**Goal of the exercise:**
Transcribe the entries below exactly, starting with the line that has "Новый интерфейс Антивируса" and stopping after the line that has "MIJ-01 データロガー用防水ケース"; no pictures belong in the copy.

**Information given:**

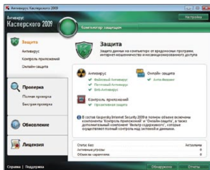
Антивирус Касперского® 2009. Главное окно программы

Новый интерфейс Антивируса Касперского® 2009 позволяет мгновенно оценить уровень безопасности системы и нейтрализовать обнаруженные угрозы несколькими кликами мыши.
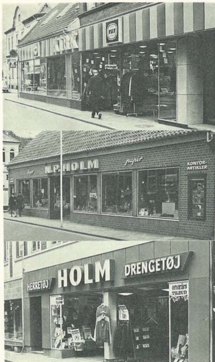
Gammelt bliver nyt.
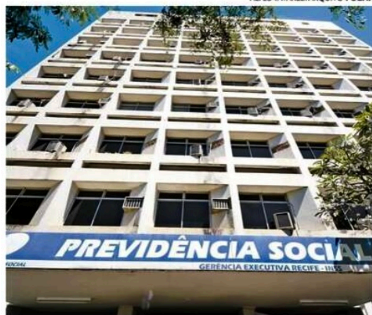
Para o Supremo, cálculo do benefício é constitucional
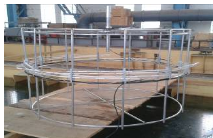
Рис. 2. Чувствительная часть антенны размещена на металлическом каркасе перед погружением в бассейн.
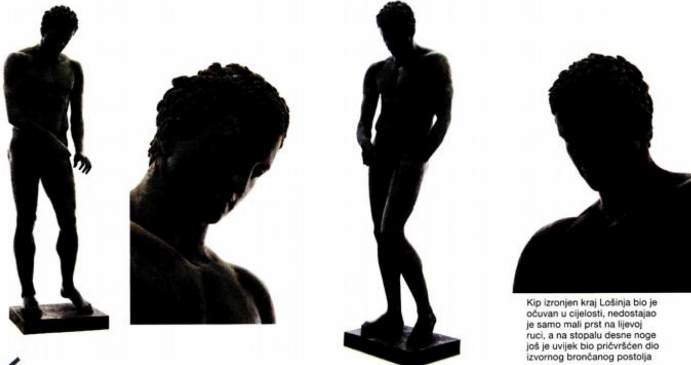
Kip izronjen kraj Lošinja bio je očuvan u cijelosti, nedostajao je samo mali prst na lijevoj ruci, a na stopalu desne noge još je uvijek bio pričvršćen dio izvornog brončanog postolja
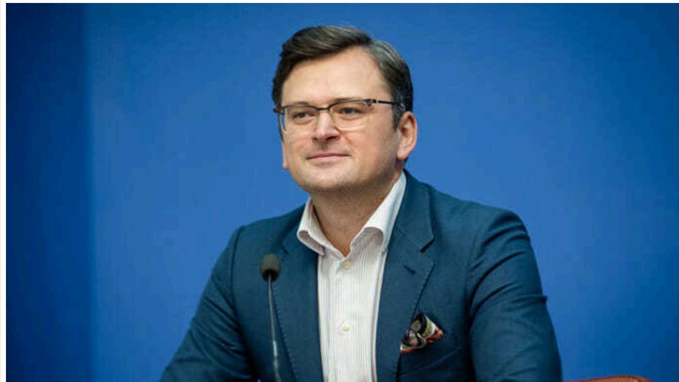
Кулеба разом із главою МЗС Кенії обговорили Формулу миру та подальшу співпрацю

Україна високо цінує участь представника Кенії у зустрічі щодо імплементації Формули миру в Давосі і розраховує на подальшу залученість до цього процесу.
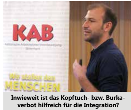
Inwieweit ist das Kopftuch- bzw. Burkaverbot hilfreich für die Integration?
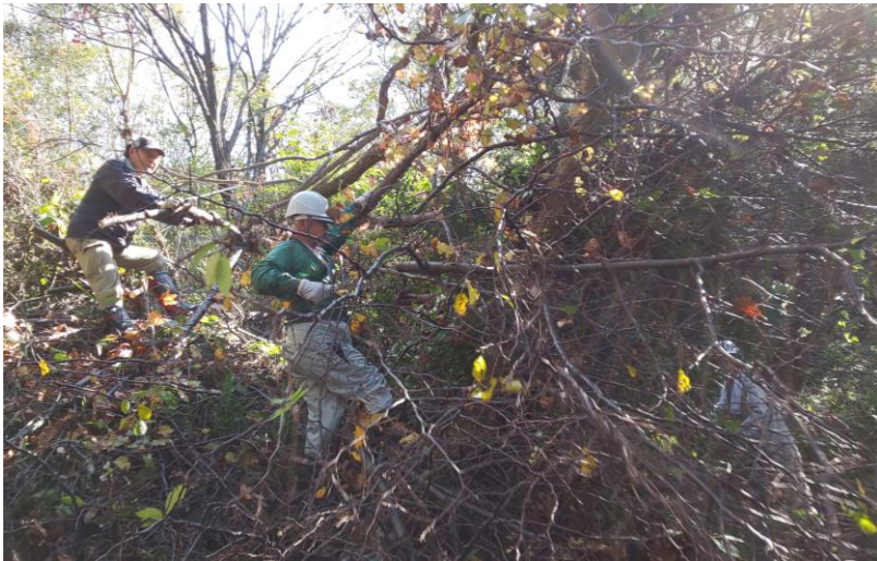
右下が道。上から覆いかぶさっています
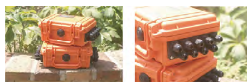
MIJ-01 データロガー用防水ケース
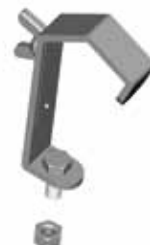
TA 8902 GANCIO A "G" IN ACCIAIO ZINCATO CON MOLLA Portata 40 kg Peso 0,29 kg
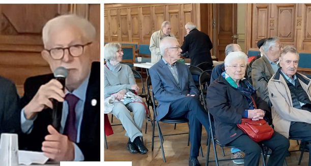
Comité du 14 e
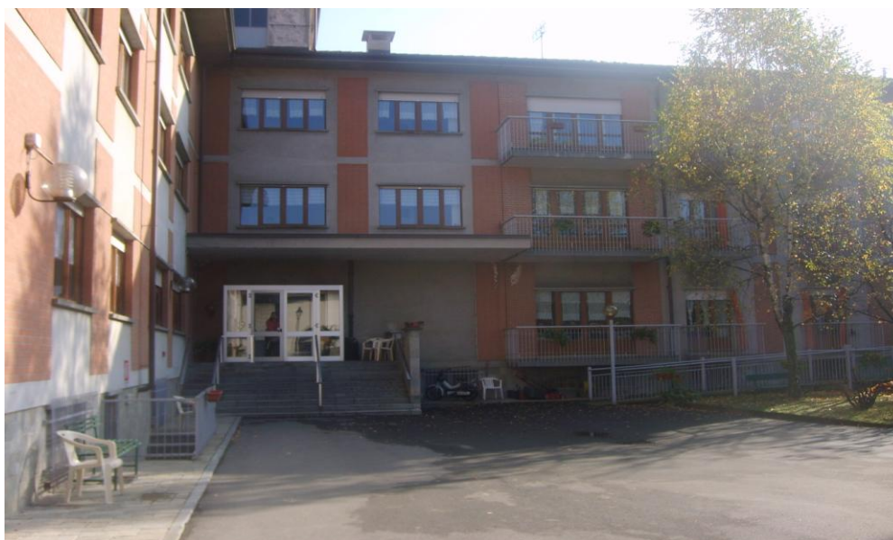
Ingresso della Casa di Riposo "G. Vada"
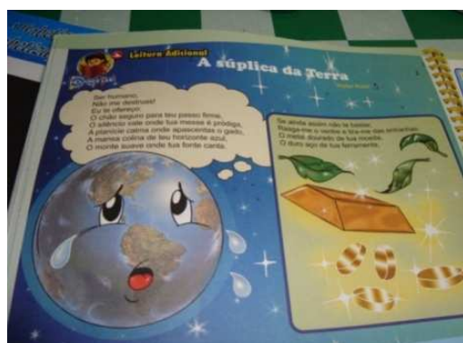
FIGURA 3: Materiais consultados (c).

Tomou-se o cuidado para que os textos escolhidos estivessem de acordo com as Diretrizes Curriculares de Ciências para a Educação Básica (2006) e que apresentassem questões emergentes e atuais da sociedade.
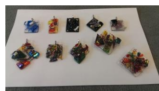
Glashangers en broches
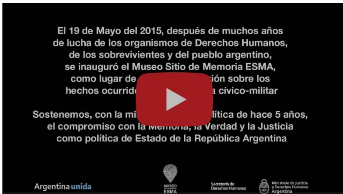
Museo Sitio de Memoria ESMA 5 años

El 19 de mayo de 2015 se inauguró el Museo Sitio de Memoria ESMA, como resultado de la lucha de los organismos de DDHH, del reclamo popular, y de la voluntad política de un gobierno que estableció los procesos de Memoria, Verdad y Justicia como el camino de la consolidación de la democracia argentina. Esta vez nos tocó cumplir el aniversario desde nuestras casas, en medio de una situación que nos atraviesa como sociedad, pero seguimos fieles al compromiso de seguir construyendo memoria.
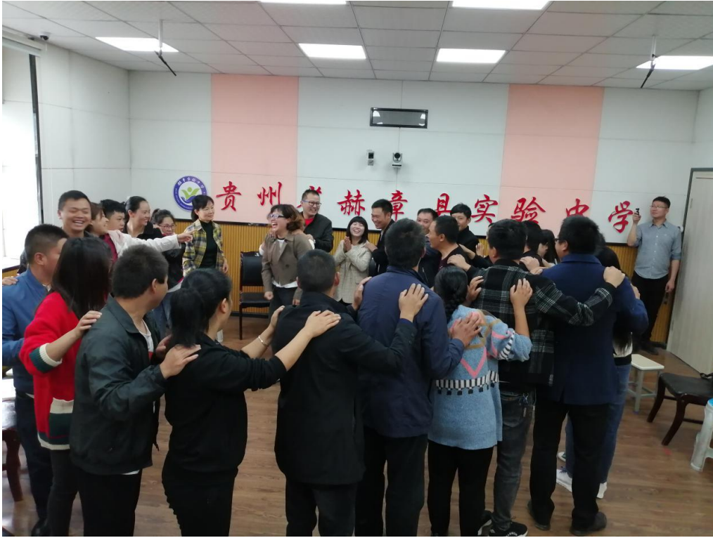
2. 2020年12月，在30所项目学校落地加油空间。
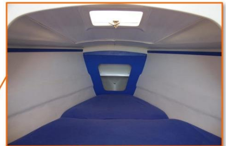
Cabine double avant
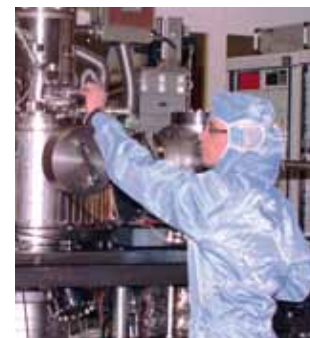
Badania w nanotechnologii

W celu promowania studiów doktoranckich na uniwersytecie utworzone zostały Graduate Schools, dziś otwarte dla doktorantów ze wszystkich dziedzin naukowych. W ramach państwowego wsparcia wybitnych projektów na uczelniach niemieckich (Exzellenzinitiative) zostały utworzone studia doktoranckie na naukach przyrodniczych.
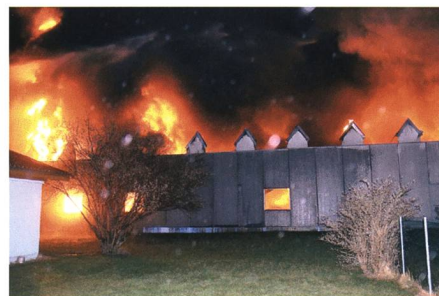
9./10. Januar: Innerhalb weniger Stunden zerstört ein Brand die Produktionshalle der Firma Wollimex in Sevelen.

15. Der Werdenberger Eisenbahn-Amateur-Klub feiert sein 50-jähriges Bestehen . Mitglieder und deren Angehörige

**Response to the task:**
Новый интерфейс Антивируса Касперского® 2009 позволяет мгновенно оценить уровень безопасности системы и нейтрализовать обнаруженные угрозы несколькими кликами мыши.
Gammelt bliver nyt.
Para o Supremo, cálculo do benefício é constitucional
Рис. 2. Чувствительная часть антенны размещена на металлическом каркасе перед погружением в бассейн.
Kip izronjen kraj Lošinja bio je očuvan u cijelosti, nedostajao je samo mali prst na lijevoj ruci, a na stopalu desne noge još je uvijek bio pričvršćen dio izvornog brončanog postolja
Кулеба разом із главою МЗС Кенії обговорили Формулу миру та подальшу співпрацю

Україна високо цінує участь представника Кенії у зустрічі щодо імплементації Формули миру в Давосі і розраховує на подальшу залученість до цього процесу.
Inwieweit ist das Kopftuch- bzw. Burkaverbot hilfreich für die Integration?
右下が道。上から覆いかぶさっています
MIJ-01 データロガー用防水ケース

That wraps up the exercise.